Dissertation Defence: Buildings Energy Data Analytics with Multi-task and Federated Learning
January 21, 2025 at 8:00 am - 1:00 pm
Rui Wang, supervised by Zheng Liu, will defend their dissertation titled “Buildings Energy Data Analytics with Multi-task and Federated Learning” in partial fulfillment of the requirements for the degree of Doctor of Philosophy in Electrical Engineering.
An abstract for Rui Wang’s dissertation is included below.

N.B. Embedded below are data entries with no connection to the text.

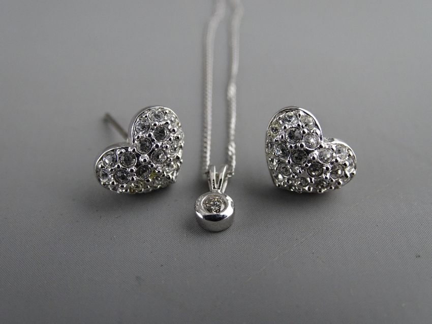 A PAIR OF SWAROVSKI HEART SHAPED EARRINGS, clustered overall with tiny czs and a fine link silver neck chain with tiny round cut diamond pendant, total 1 grm
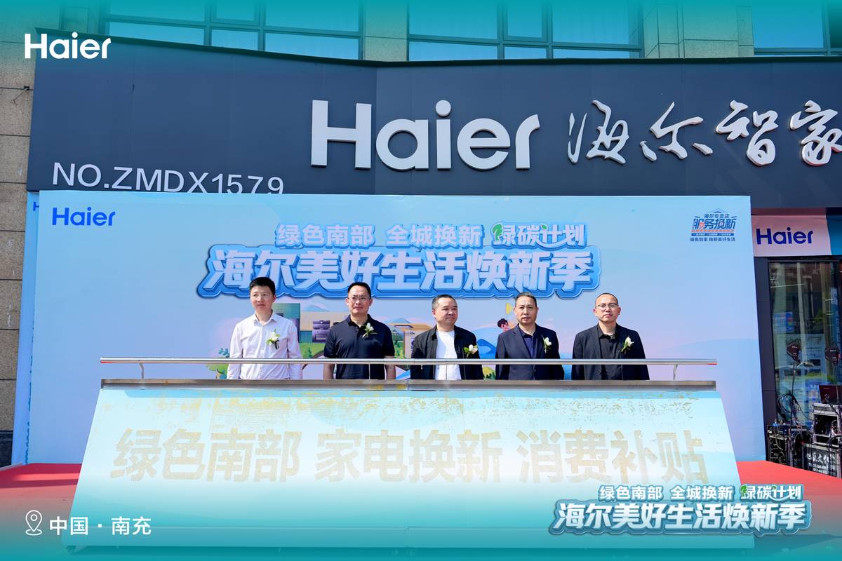 4月12日,由四川省商务厅、南部县商务和经济信息化局指导海尔智家四川分公司主办、南部县天和电器承办的“绿色南部,全城换新海尔美好生活焕新季”,海尔智家拆旧换新战略启动会在南部县盛大召开。出席本次启动会的有南部县商务和经济信息化局相关领导,海尔集团川藏大区首席代表/海尔智家四川分公司总经理肖隆彬,四川海尔三专俱乐部会长万雄,海尔智家四川分公司副总经理零售总经理黄阳松,海尔智家四川分公司副总经理营销总经理张林,海尔乡镇三专俱乐部南充区域会长冯少明以及南部县天和电器有限公司总经理黄金光等嘉宾和消费者。
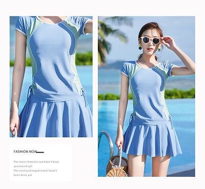 水着レディース体型カバーオトナ女子スカート露出控えめ半袖水着レディースおしゃれ体型カバー水着ママ水着カバーアップバスト盛れるショートパンツ2点上下セットラッシュガードフレアスカート | OPEN-korea

Examinations are open to all members of the campus community as well as the general public. Please email zheng.liu@ubc.ca to receive the Zoom link for this exam.
ABSTRACT
Building energy consumption accounts for 40% of global energy usage and is growing at 3-4% per year. Improving energy efficiency in buildings is crucial for sustainable development. This research develops multi-purpose distributed data learning frameworks to enhance the reliability, efficiency, and prediction performance of energy data in community buildings. Firstly, a multi-task framework addresses four tasks: energy load forecasting, anomaly detection, anomaly prediction, and air temperature forecasting. Using a mixture-of-experts architecture, the feature extraction and prediction network are decoupled to support various prediction tasks. Self-attention mechanisms and linear approximation improve deep learning computation efficiency, with experiments showing significant accuracy improvements. Secondly, an adaptive federated learning system addresses data isolation and system interruptions. By compensating for missing models and using RNN with dilations and CNN for parallel processing, multi-step energy predictions improve efficiency. An unsupervised clustering method enhances anomaly prediction without predefined labels, demonstrating significant forecasting and anomaly prediction improvements. Thirdly, a novel approach applies probabilistic ensemble architecture for personalized energy load forecasting, using a transformer model for increased efficiency. Experiments show the effectiveness of personalized federated learning algorithms in achieving state-of-the-art prediction accuracies for university campus buildings. The research aims to enhance federated learning reliability, improve prediction accuracy and efficiency, extend model capabilities, and scale federated training across different energy data distributions. Promising experimental results suggest more sustainable and efficient building management, reducing energy and maintenance costs.